Долго бродила она по улицам, заходила в магазины, вглядывалась в старые здания. Оттого, что они стояли в соседстве с новыми, тоже потеряли свой привычный облик и смотрели отчужденно, подтянуто, свысока. Улицы были многолюдны, лица все незнакомые, народ деловой, хорошо одетый, столичного типа. Портфели, свертки, покупки…

Так бродила она, пока не наткнулась на областной краеведческий музей. И все сразу же стало на места. Вот Екатерининский дворец, целехонек, а дальше мост через Волгу. Влево — школа, в которой она училась, вправо — конечно же, городской сад. В этот музей водили их, школьников, на экскурсии. Кости мамонта, мечи и кольчуги; мощи древних князей Михаила и, кажется, Юрия, погубленных татарами в Орде… Золоченые завитки екатерининской мебели, посконные сарафаны и рубахи крепостного люда…

Стоя в просторных дубовых сенях и протягивая в кассовое окошечко рубль, она недоумевала, как это сразу же не прибежала сюда, в самое знакомое и такое памятное место. Вот уж прошлое так прошлое!.. Правда, была война. Растеряли, должно быть, половину экспонатов. Город был оккупирован, как не растерять.

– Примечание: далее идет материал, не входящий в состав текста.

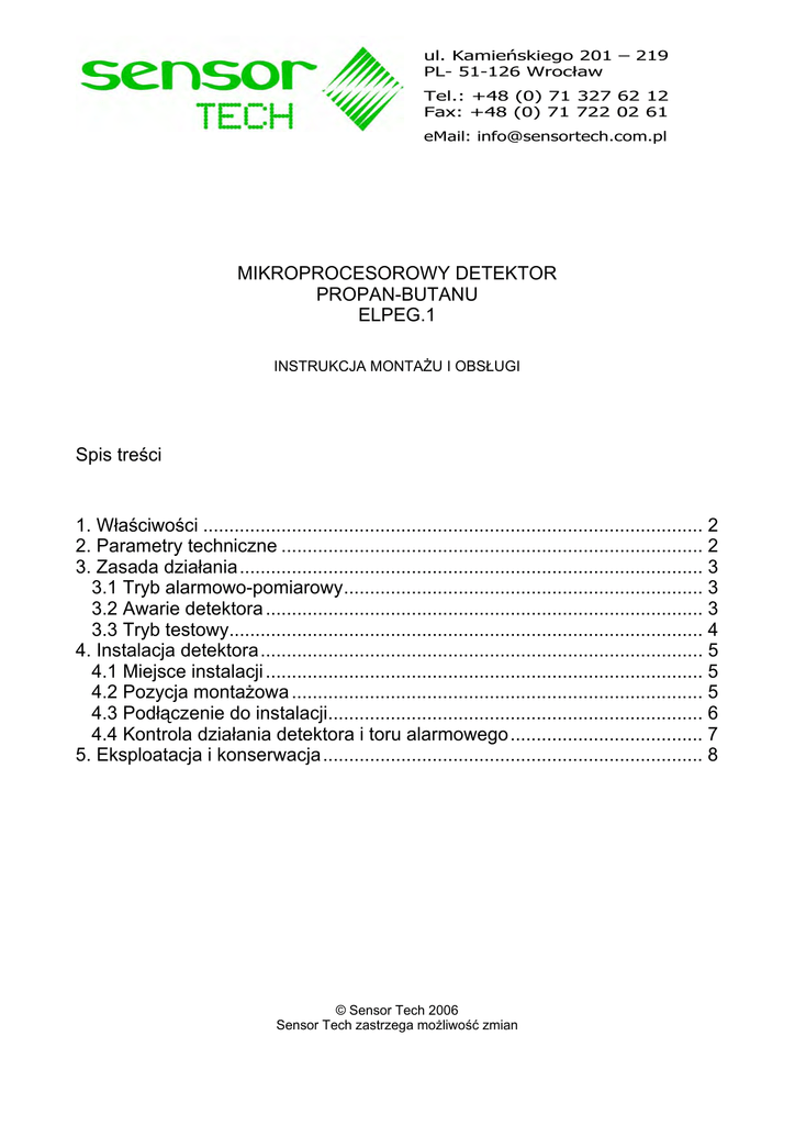 ul. Kamieńskiego 201 – 219 PL- 51-126 Wrocław Tel.: +48 (0) 71 327 62 12 Fax: +48 (0) 71 722 02 61 eMail: [email protected] MIKROPROCESOROWY DETEKTOR PROPAN-BUTANU ELPEG.1 INSTRUKCJA MONTAŻU I OBSŁUGI Spis treści 1. Właściwości ................................................................................................ 2 2. Parametry techniczne ................................................................................. 2 3. Zasada działania......................................................................................... 3 3.1 Tryb alarmowo-pomiarowy..................................................................... 3 3.2 Awarie detektora .................................................................................... 3 3.3 Tryb testowy........................................................................................... 4 4. Instalacja detektora..................................................................................... 5 4.1 Miejsce instalacji .................................................................................... 5 4.2 Pozycja montażowa ............................................................................... 5 4.3 Podłączenie do instalacji........................................................................ 6 4.4 Kontrola działania detektora i toru alarmowego ..................................... 7 5. Eksploatacja i konserwacja ......................................................................... 8 © Sensor Tech 2006 Sensor Tech zastrzega możliwość zmian 1. Właściwości Detektory serii ELPEG.1 są nowoczesnymi, mikroprocesorowymi urządzeniami detekcyjnymi, przeznaczonymi do wykrywania obecności propan-butanu (LPG) w powietrzu, w obiektach użyteczności publicznej, a w szczególności w garażach zamkniętych. Obecność propan-butanu w powietrzu wykrywana jest za pomocą specjalnej konstrukcji czujnika elektrochemicznego. Połączenie dobrej jakości czujnika i techniki mikroprocesorowej, umożliwiającej m.in. wprowadzenie układu kompensacji temperaturowej, skutkuje wysoką odpornością na czynniki środowiskowe, takie jak: temperatura, wilgotność czy obecność gazów zakłócających. Produkt dedykowany jest do sterowania wentylacją w parkingach i garażach podziemnych (wersja z zasilaniem 230VAC) lub za pośrednictwem dodatkowych centralek alarmowych (wersja z zasilaniem 12VAC/DC). Detektor posiada dwa niezależnie progi alarmowe: “ALARM 1” oraz “ALARM 2” kalibrowane na etapie produkcji zgodnie z obowiązującym rozporządzeniem Ministra Gospodarki i Pracy oraz w oparciu o obowiązujące normy. Układ dodatkowo wyposażony jest w przekaźnik alarmowy “AWARIA” informujący o uszkodzeniu lub braku zasilania detektora. Dodatkowe cechy eksploatacyjne urządzenia to: – funkcja wezwania użytkownika do powtórnej kalibracji detektora, – prosta powtórna kalibracja detektora przez wymianę płytki głowicy czujnika – skrócenie czasu kalibracji, – układ skompensowany termicznie - odporny na zmienne warunki pracy, – estetyczna obudowa z tworzywa sztucznego, – ochrona przeciwwłamaniowa – detekcja otwarcia obudowy (opcja), – piętrowe, podwójne złącza umożliwiające proste łączenie urządzeń w system “od detektora do detektora”, – przycisk “TEST” kontrolujący poprawność montażu urządzenia w systemie wentylacyjno-alarmowym. 2. Parametry techniczne 1 Napięcie zasilania 230VAC (-15%, +10%) / 10-18 VDC / 8-13VAC 2 Pobór mocy 4VA 3 Rodzaj czujnika elektrochemiczny 4 Mierzone gazy wybuchowe Propan-butan (LPG), metan (LNG) 5 Jednostka pomiarowa % DGW 5 Zakres pomiarowy 0 – 30% DGW 6 Gazy zakłócające pracę Wodór 7 Progi alarmowe “ALARM 1” , “ALARM 2” 8 Okres powtórnej kalibracji 36 miesięcy optyczna, diodami LED: 9 Sygnalizacja alarmowa “ALARM 1”,”ALARM 2”- diody czerwone; “AWARIA”- diody żółta stykowe SPDT, przełączne, niezależne dla każdego z alarmów: “AWARIA” 10 Wyjścia sygnałów alarmowych “ALARM 1” ”ALARM 2” Tabela 1 Strona 2 z 8 3. Zasada działania Rys. 1. Panel czołowy urządzenia. Rys. 2. Widok po zdjęciu pokrywy, pozycja montażowa detektora. Sygnał wyjściowy detektora stanowią trzy przekaźniki alarmowe o obciążalności: 5A: AWARIA, ALARM 1 i ALARM 2. sygnalizujące awarię lub przekroczenie progów alarmowego stężenia LPG. Stany alarmowe sygnalizowane są optycznie za pomocą diod LED na płycie czołowej urządzenia. 3.1 Tryb alarmowo-pomiarowy Po podłączeniu detektora do napięcia zasilającego układ przez 30 sekund wygrzewa czujnik – sygnalizuje to migająca z częstotliwością co 1 sekundę żółta dioda LED “AWARIA”. W czasie wygrzewania ignorowane są wszelkie alarmy pochodzące od pomiaru stężenia propan-butanu. Po wygrzaniu czujnika układ przechodzi w tryb alarmowo-pomiarowy. UWAGA! Pełną sprawność pomiarową detektor uzyskuje po około 72 godzinach nieprzerwanego zasilania. Przejście układu w tryb alarmowy następuje po przekroczeniu skalibrowanego stężenia progowego propan-butanu. Pełną sekwencję alarmową od momentu osiągnięcia stężenia progowego propan-butanu opisuje tabela: 1. Aktywacja alarmu 2. Przewietrzanie dioda „ALARM” świeci światłem ciągłym tak długo, jak długo stężenie LPG utrzymuje się powyżej progu alarmowego, załączony styk przekaźnika COM-NO dioda „ALARM” świeci światłem ciągłym w czasie 30 sek. (zwłoka zapobiegająca niestabilnej pracy wentylacji), załączony styk przekaźnika COM-NO Tabela 2 W przypadku ponownego przekroczenia stężenia progowego następuje powrót do fazy alarmowej. Cykl alarmowy dla progu drugiego przebiega analogicznie, jak przy pierwszym progu. Oba cykle alarmowe działają niezależnie od siebie wg scenariusza ujętego w tabeli. 3.2 Awarie detektora W czasie pracy detektora cyklicznie dokonywana jest autokontrola układu celem wychwycenia nieprawidłowości w działaniu. Stany

Нетерпеливо оглядываясь, двигалась она вдоль стен. Ветхий, замызганный паркет поскрипывал. Неподвижный, как бы спрессованный, душный воздух, будто веками устоявшийся. Вера Ивановна вынула из кармана платочек, промакнула лицо. Жарко. Но какое изобилие экспонатов, на стенах просто теснота! Всего не охватишь, где там!.. Дальше, дальше. На обратном пути она еще раз посмотрит, если время останется. К тому же наверху, может быть, прохладнее.

Она медленно стала подниматься по истертым мраморным ступеням. Все здесь дышало стариной: и узкие винтовые лестницы, и кривые переходы к неведомым покоям за пышными двустворчатыми дверями. Иные двери были заперты, и так захотелось бы заглянуть — что там? Казалось, там спрятался сам живой, чудом сохранившийся восемнадцатый век.

Тишина висела в зале, под громоздкими пыльными люстрами; только откуда-то снизу доносился голос экскурсовода. Мраморные колонны, камин… Вера Ивановна прошла в смежную комнату. В сумерках тускло светились тяжелые рамы парадных портретов.

Неожиданно голос экскурсовода зазвучал совсем отчетливо:

— Теперь пройдем в этот зал. Пройдите, пожалуйста, сюда!

И, шаркая, сдержанно переговариваясь, начала вваливаться толпа экскурсантов.

— Подойдите поближе, так, так… Сюда, к этому большому портрету, — требовательно сказала женщина-экскурсовод.

Комната заполнилась народом, стало тесно, и Вера Ивановна поспешила выйти. Она любила смотреть на картины сама. Одна и подолгу, вдоволь. Пришлось оставить парадные портреты на потом. В коридорчике висели рогатины, щиты, коллекции древних монет, за стеклами витрин — старинные рукописные книги.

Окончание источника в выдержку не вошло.